All facilities were acquired from Dahn Corporation ("Dahn"). Dahn is
not affiliated with the Partnership. Dahn is affiliated with other
partnerships in which DSI Properties, Inc. is a general partner. The
mini-storage facilities are operated for the Partnership by Dahn under
various agreements which are subject to renewal annually. Under the
terms of the agreements, the Partnership is required to pay Dahn a
property management fee equal to 6% of gross revenue from operations, as
defined.

2. SUMMARY OF SIGNIFICANT ACCOUNTING POLICIES

Cash and Cash Equivalents - The Partnership classifies its short-term
investments purchased with an original maturity of three months or less as
cash equivalents.

Property and Depreciation - Property is recorded at cost and is comprised
primarily of mini-storage facilities.

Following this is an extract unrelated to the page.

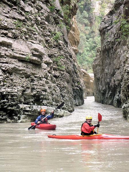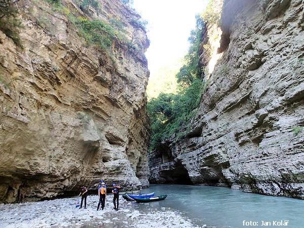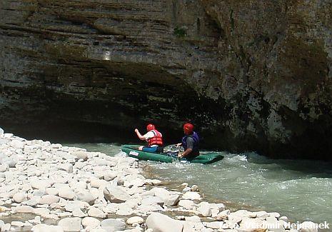 Pozor na řece Osum. V úzké soutězce nad Corovodou uvízl v nejužším místě kmen stromu. Měli jsme po ...

Depreciation is provided for using
the straight-line method over an estimated useful life of 15 years.

Income Taxes - No provision has been made for income taxes in the
accompanying financial statements. The taxable income or loss of the
Partnership is allocated to each partner in accordance with the terms of
the Agreement of Limited Partnership. Each partner's tax status, in turn,
determines the appropriate income tax for its allocated share of the
Partnership taxable income or loss.

Investment in Real Estate Joint Venture - The Partnership accounts for its
30% interest in the Aurora, Colorado facility using the equity method of
accounting (see Note 6).

Net Income per Limited Partnership Unit - Net income per limited
partnership unit is computed by dividing net income allocated to the
limited partners by the weighted average number of limited partnership
units outstanding during each year (24,000 in 1995, 1994 and 1993).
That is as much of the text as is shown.